(Beginning of Entries supplied)

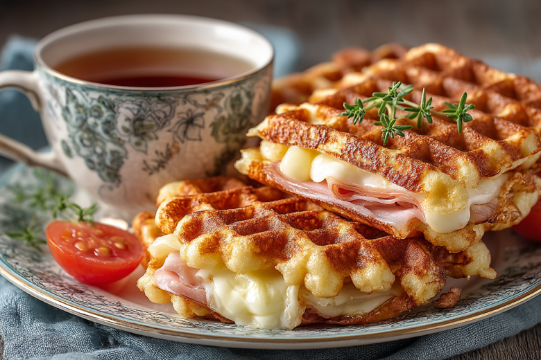 Рецепт: в миске разомните творог вилкой, добавьте яйца, соль, муку и тщательно перемешайте до однородной массы. Тесто должно быть как густая сметана. Ветчину и помидор нарежьте тонкими ломтиками, сыр натрите на крупной терке. Разогрейте вафельницу, слегка смажьте её поверхности растительным маслом. На нижнюю половину формы выложите столовую ложку теста, равномерно распределяя. Сверху положите ломтик ветчины, кружочек помидора, посыпьте сыром и зеленью. Закройте начинку ещё одной ложкой теста, аккуратно размазывая, чтобы она полностью покрыла начинку. Закройте вафельницу и запекайте 4-6 минут до румяной, хрустящей корочки.
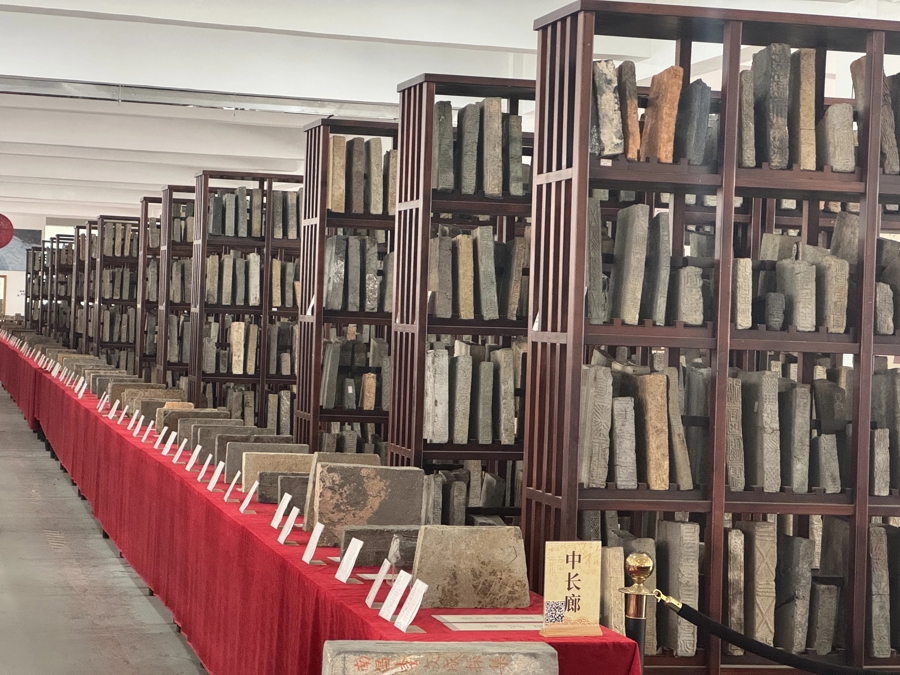 走进明止堂,展出的砖石整齐摆放在展厅内,根据年号砖、记事砖、吉语砖和画像砖几大主题有序排列,上方展示对应的拓片,清晰展现出每块字砖的信息。
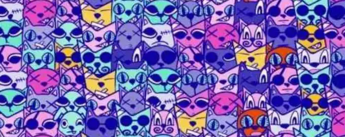 Dette visuelle puslespil udfordrer din opmærksomhed og evne til at skelne detaljer: blandt en flok gentagne katte er en enkelt hund snedig skjult.
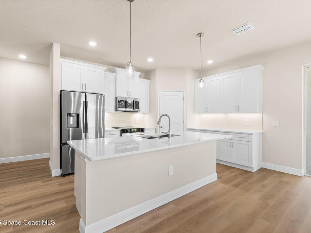 Ask us about our incentives, builder paid closing costs, & no down payment options when financing through the builder's preferred lender. This stunning new construction home exemplifies exceptional craftsmanship with soaring ceilings, a spacious open-concept great room, and a chef-inspired kitchen featuring all-wood shaker cabinets with crown molding, dovetail soft-close drawers and doors, quartz countertops, and a premium Samsung stainless-steel appliance package. Natural light fills the home through large windows and sliders leading to the covered lanai, complemented by luxury vinyl flooring throughout, tile in wet areas (no carpet!), and bathrooms with quartz-top vanities and fully tiled showers--no inserts. If you're searching for superior quality, thoughtful design, and unbeatable value, this is the home for you!
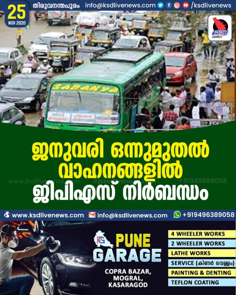 ജനുവരി ഒന്നുമുതൽ വാഹനങ്ങളിൽ ജിപിഎസ് നിർബന്ധം
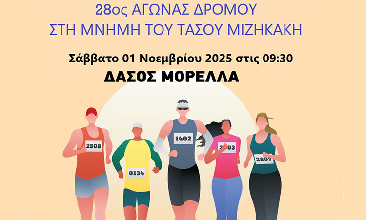 Ο Δήμος Λυκόβρυσης – Πεύκης διοργανώνει τον 28ο Αγώνα Δρόμου αφιερωμένο στη μνήμη του Τάσου Μιζηκάκη στο Δάσος Μορέλλα, στην Πεύκη, το Σάββατο 1 Νοεμβρίου 2025 και ώρα 09:30.
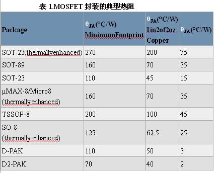 注:同樣封裝類型的不同器件,以及不同制造商出品的相似封裝的熱阻各不相同,和封裝的機械特性、管芯尺寸和安裝及綁定方法有關(guān)。需仔細(xì)考慮MOSFET數(shù)據(jù)資料中的熱信息。
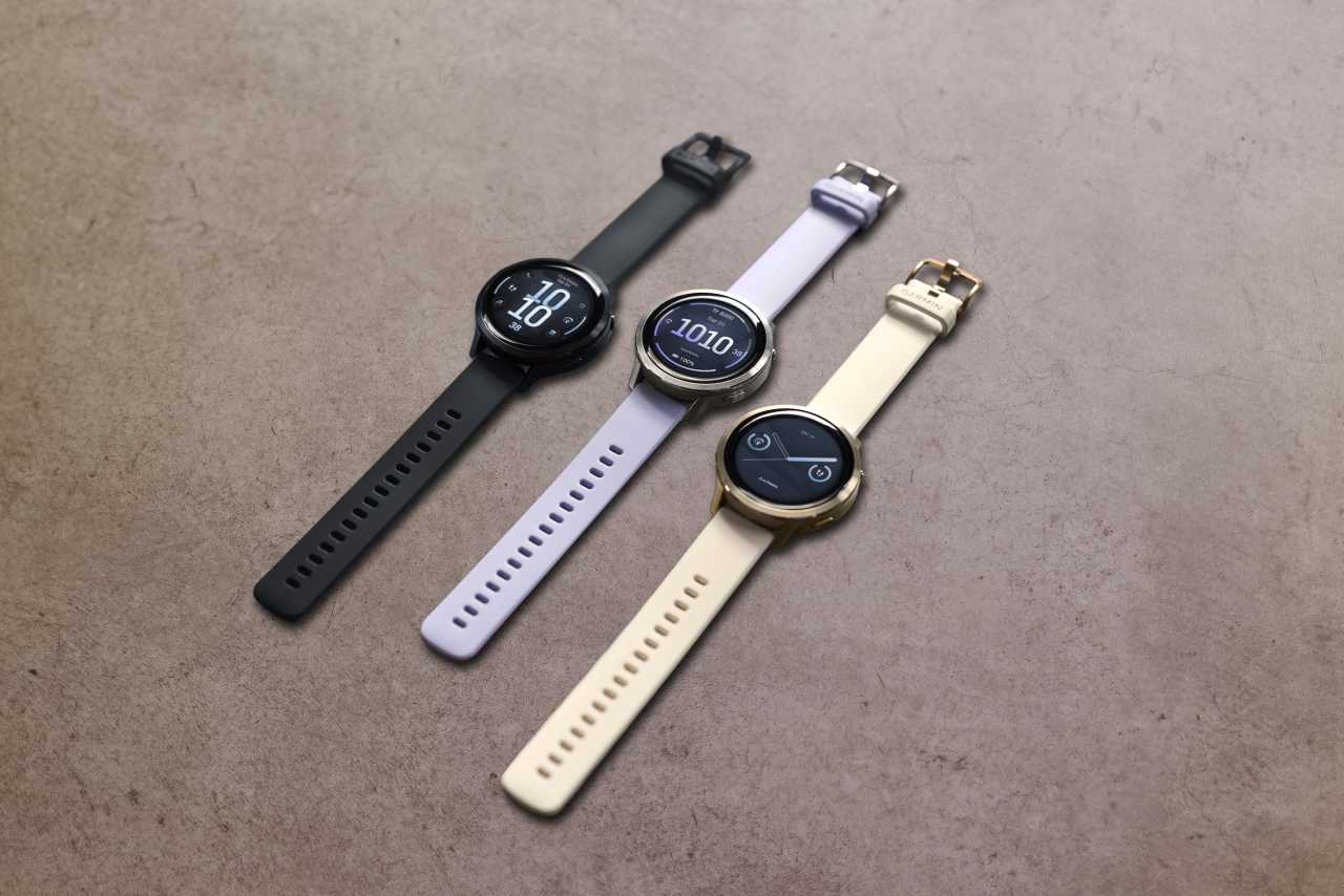 - Éles AMOLED kijelző (1,2″, 390×390 px) – kisebb méret, de ugyanolyan élénk, jól olvasható fényben és edzés közben is.

(End of Entries supplied)

### Assigned task
Since only the text is wanted, repeat all the records above exactly and omit the pictures.

### Written response
 Рецепт: в миске разомните творог вилкой, добавьте яйца, соль, муку и тщательно перемешайте до однородной массы. Тесто должно быть как густая сметана. Ветчину и помидор нарежьте тонкими ломтиками, сыр натрите на крупной терке. Разогрейте вафельницу, слегка смажьте её поверхности растительным маслом. На нижнюю половину формы выложите столовую ложку теста, равномерно распределяя. Сверху положите ломтик ветчины, кружочек помидора, посыпьте сыром и зеленью. Закройте начинку ещё одной ложкой теста, аккуратно размазывая, чтобы она полностью покрыла начинку. Закройте вафельницу и запекайте 4-6 минут до румяной, хрустящей корочки.
 走进明止堂,展出的砖石整齐摆放在展厅内,根据年号砖、记事砖、吉语砖和画像砖几大主题有序排列,上方展示对应的拓片,清晰展现出每块字砖的信息。
 Dette visuelle puslespil udfordrer din opmærksomhed og evne til at skelne detaljer: blandt en flok gentagne katte er en enkelt hund snedig skjult.
 Ask us about our incentives, builder paid closing costs, & no down payment options when financing through the builder's preferred lender. This stunning new construction home exemplifies exceptional craftsmanship with soaring ceilings, a spacious open-concept great room, and a chef-inspired kitchen featuring all-wood shaker cabinets with crown molding, dovetail soft-close drawers and doors, quartz countertops, and a premium Samsung stainless-steel appliance package. Natural light fills the home through large windows and sliders leading to the covered lanai, complemented by luxury vinyl flooring throughout, tile in wet areas (no carpet!), and bathrooms with quartz-top vanities and fully tiled showers--no inserts. If you're searching for superior quality, thoughtful design, and unbeatable value, this is the home for you!
 ജനുവരി ഒന്നുമുതൽ വാഹനങ്ങളിൽ ജിപിഎസ് നിർബന്ധം
 Ο Δήμος Λυκόβρυσης – Πεύκης διοργανώνει τον 28ο Αγώνα Δρόμου αφιερωμένο στη μνήμη του Τάσου Μιζηκάκη στο Δάσος Μορέλλα, στην Πεύκη, το Σάββατο 1 Νοεμβρίου 2025 και ώρα 09:30.
 注:同樣封裝類型的不同器件,以及不同制造商出品的相似封裝的熱阻各不相同,和封裝的機械特性、管芯尺寸和安裝及綁定方法有關(guān)。需仔細(xì)考慮MOSFET數(shù)據(jù)資料中的熱信息。
 - Éles AMOLED kijelző (1,2″, 390×390 px) – kisebb méret, de ugyanolyan élénk, jól olvasható fényben és edzés közben is.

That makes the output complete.